All that is wanted is the exact text of the lines below from the one with "Ms. Abshiro the" through the one with "De tweede badkamer", inclusive, minus any pictures.

## [Data excerpts]
Start of Block

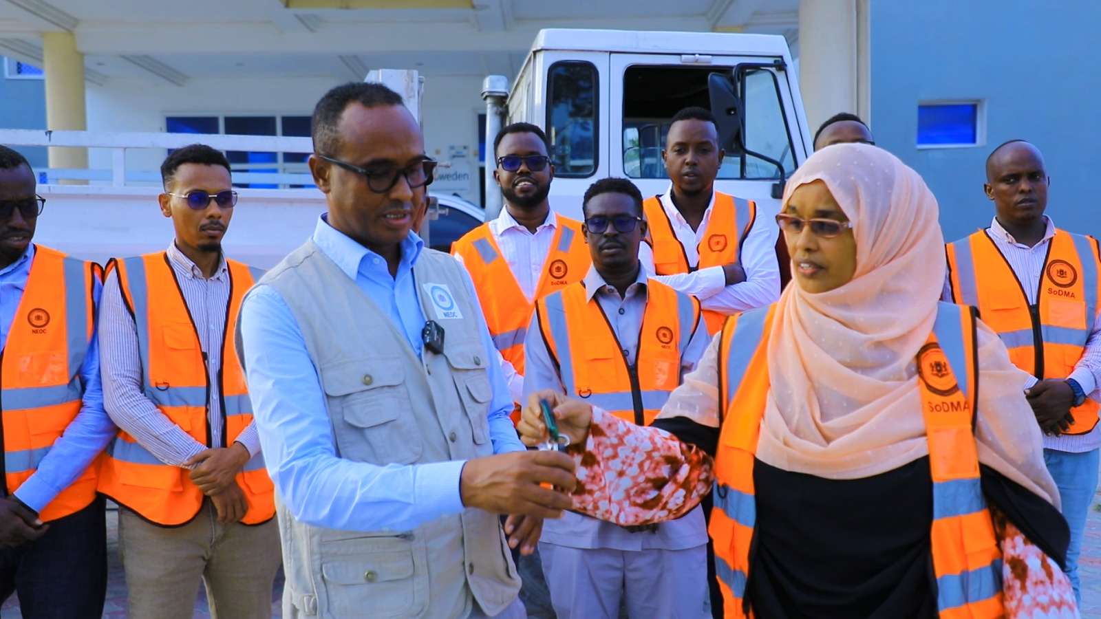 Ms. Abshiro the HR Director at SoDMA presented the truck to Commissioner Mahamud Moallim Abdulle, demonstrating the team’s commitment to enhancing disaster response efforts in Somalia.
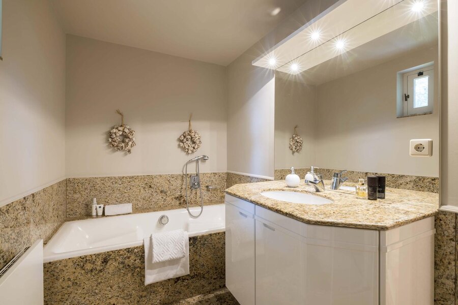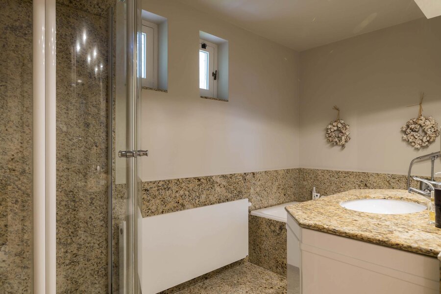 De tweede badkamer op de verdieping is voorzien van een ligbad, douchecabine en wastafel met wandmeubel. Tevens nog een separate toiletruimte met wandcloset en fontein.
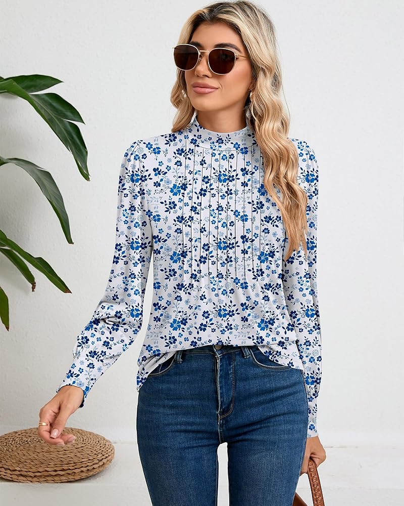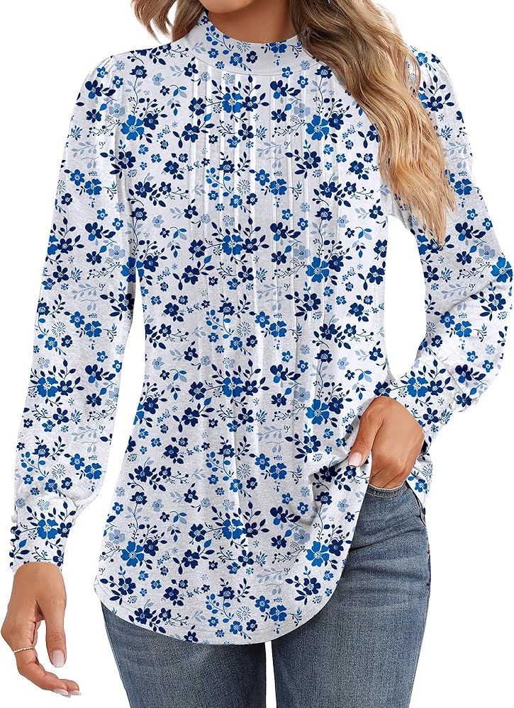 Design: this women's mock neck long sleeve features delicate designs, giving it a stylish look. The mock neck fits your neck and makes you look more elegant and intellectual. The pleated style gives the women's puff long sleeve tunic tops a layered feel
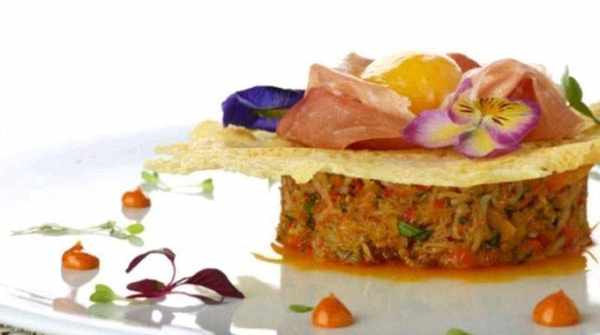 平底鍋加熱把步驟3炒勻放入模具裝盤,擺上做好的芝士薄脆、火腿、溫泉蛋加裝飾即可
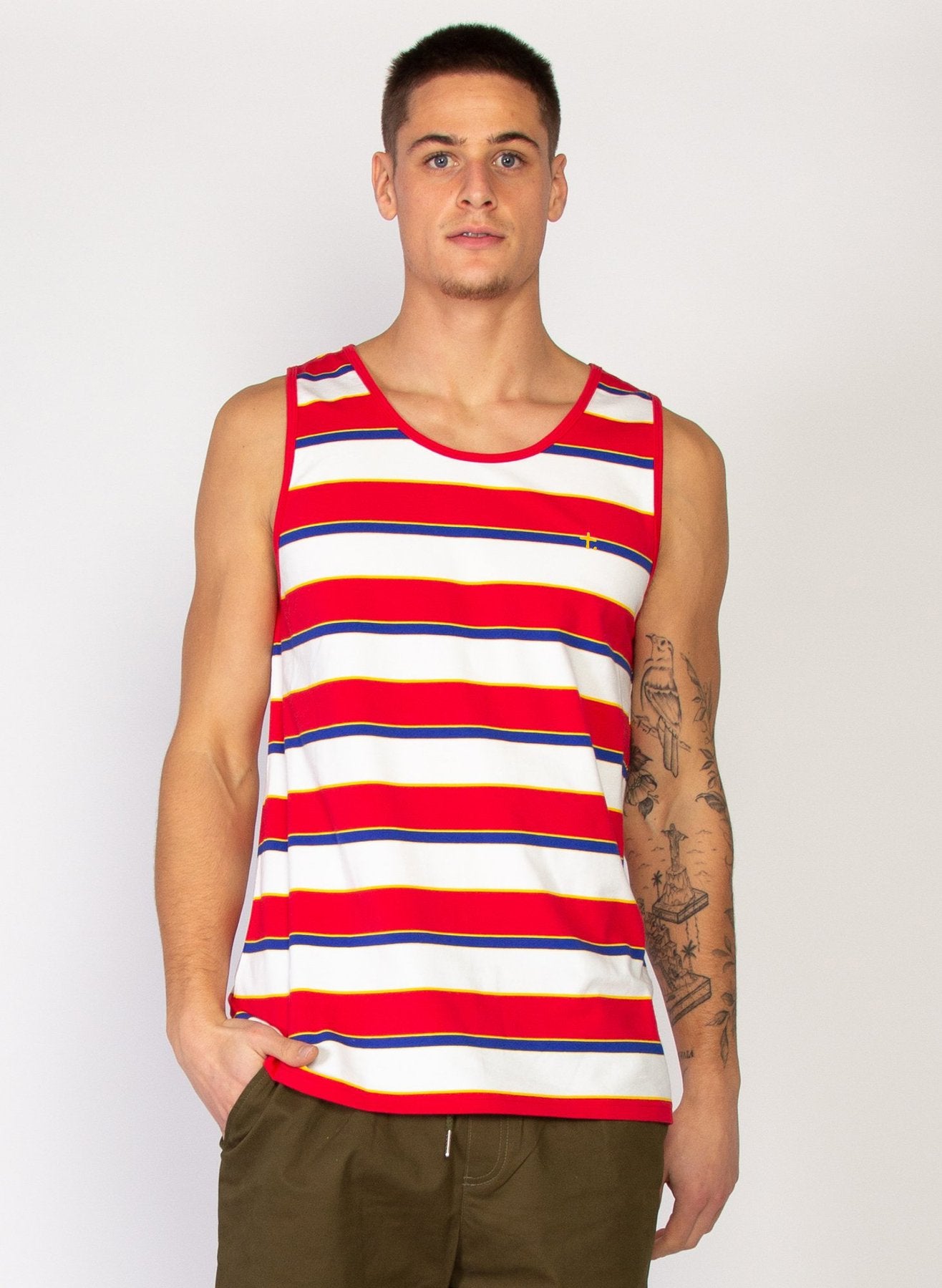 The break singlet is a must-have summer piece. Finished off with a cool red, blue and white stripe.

End of Block
Start of Block

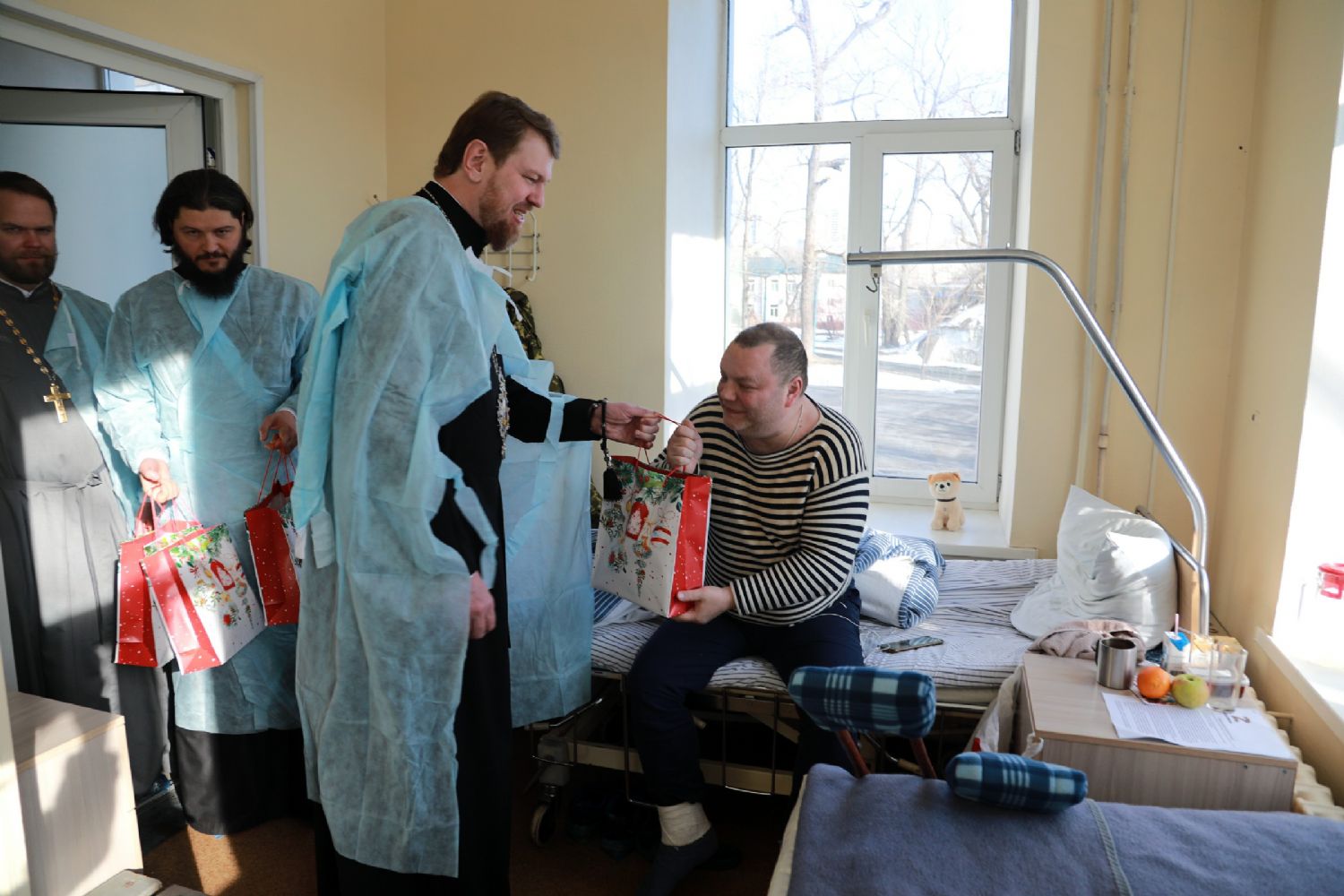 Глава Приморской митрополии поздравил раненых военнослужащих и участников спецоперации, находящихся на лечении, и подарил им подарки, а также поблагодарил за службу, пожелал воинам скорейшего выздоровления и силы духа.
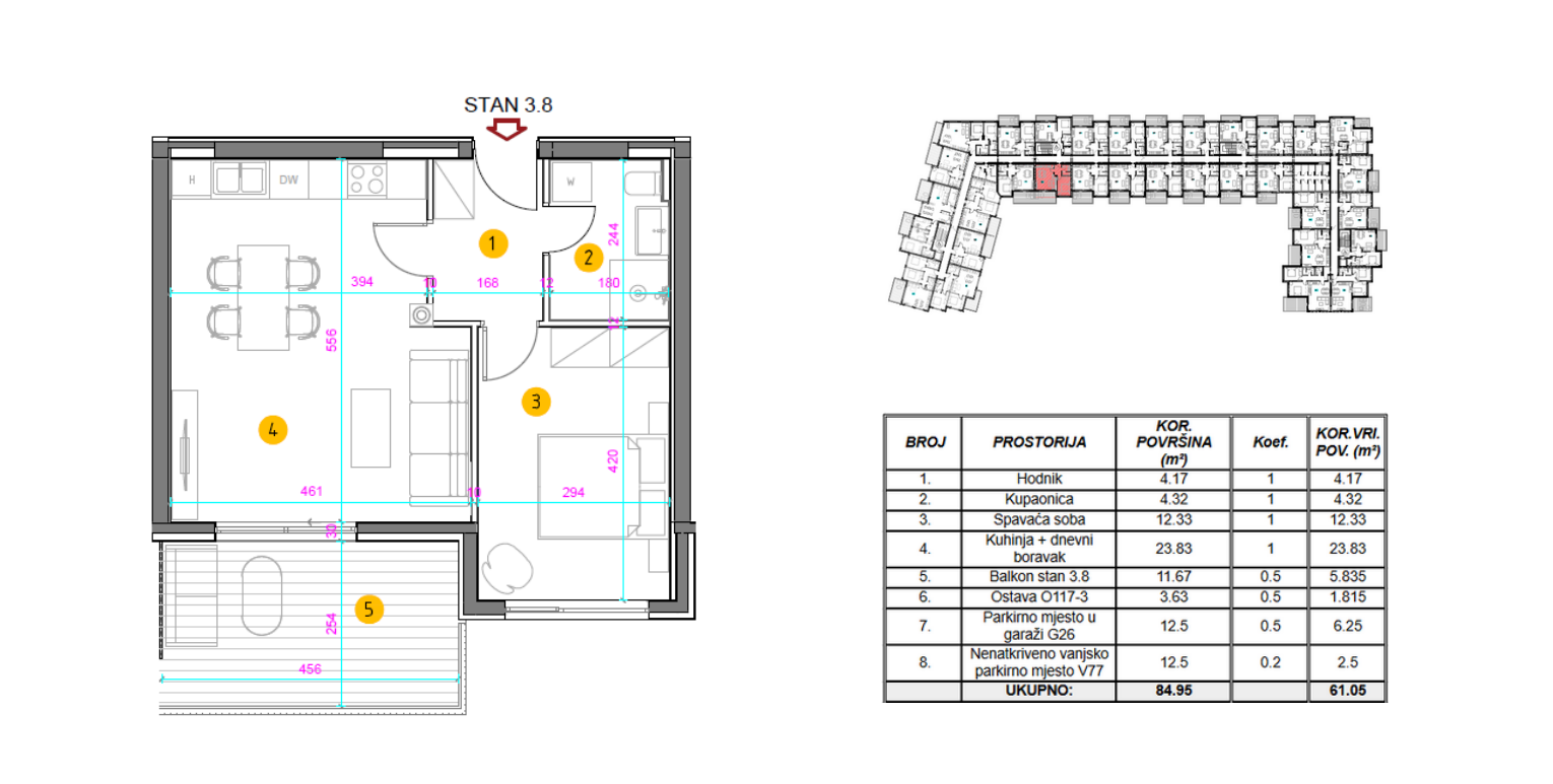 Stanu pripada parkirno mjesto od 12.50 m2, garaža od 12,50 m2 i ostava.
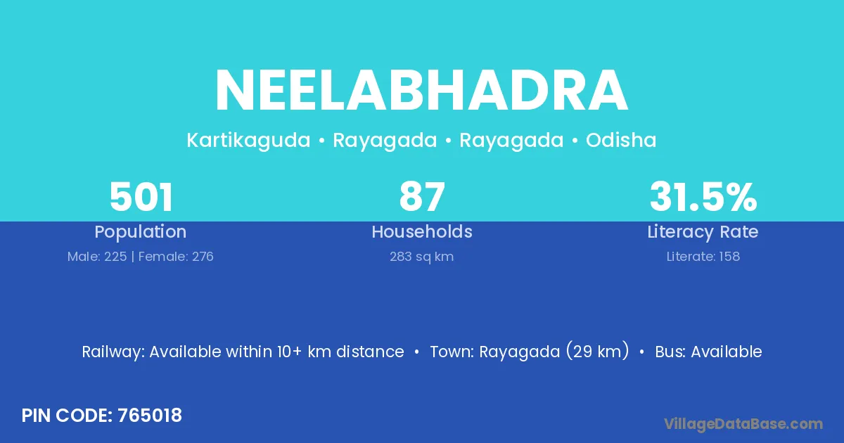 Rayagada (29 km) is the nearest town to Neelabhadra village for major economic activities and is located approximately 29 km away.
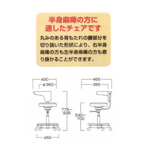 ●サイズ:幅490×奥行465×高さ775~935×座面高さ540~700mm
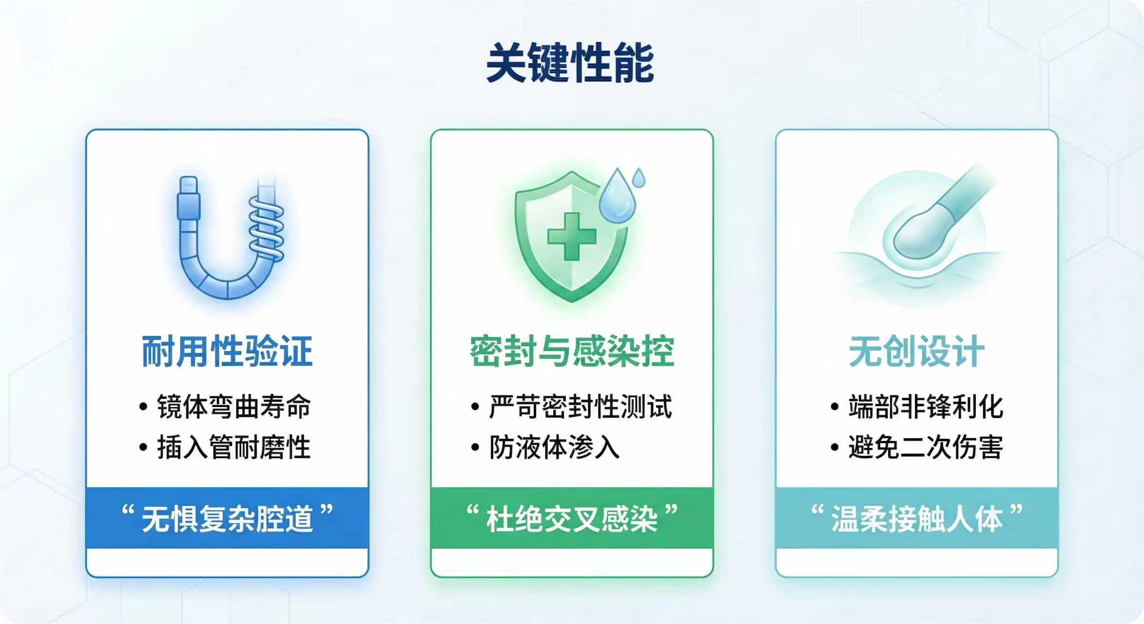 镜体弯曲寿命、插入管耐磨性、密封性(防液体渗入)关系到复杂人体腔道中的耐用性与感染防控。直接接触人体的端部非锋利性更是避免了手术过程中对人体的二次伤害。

End of Block
Start of Block

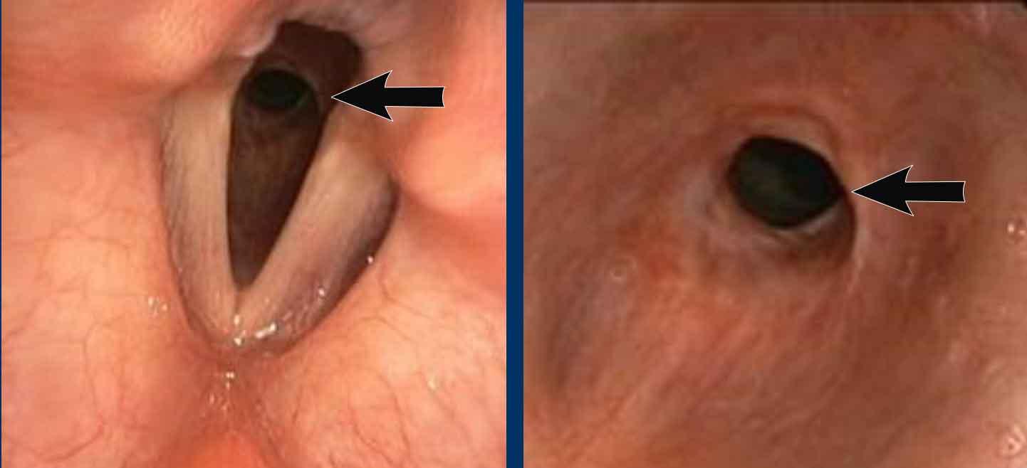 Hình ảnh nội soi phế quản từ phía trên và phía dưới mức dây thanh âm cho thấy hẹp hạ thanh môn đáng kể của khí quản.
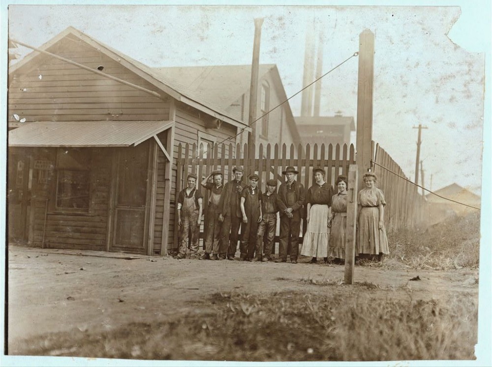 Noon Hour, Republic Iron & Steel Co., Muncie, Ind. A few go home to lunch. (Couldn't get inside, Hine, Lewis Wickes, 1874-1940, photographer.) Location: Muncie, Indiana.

End of Block

## [Reply]
 Ms. Abshiro the HR Director at SoDMA presented the truck to Commissioner Mahamud Moallim Abdulle, demonstrating the team’s commitment to enhancing disaster response efforts in Somalia.
 De tweede badkamer op de verdieping is voorzien van een ligbad, douchecabine en wastafel met wandmeubel. Tevens nog een separate toiletruimte met wandcloset en fontein.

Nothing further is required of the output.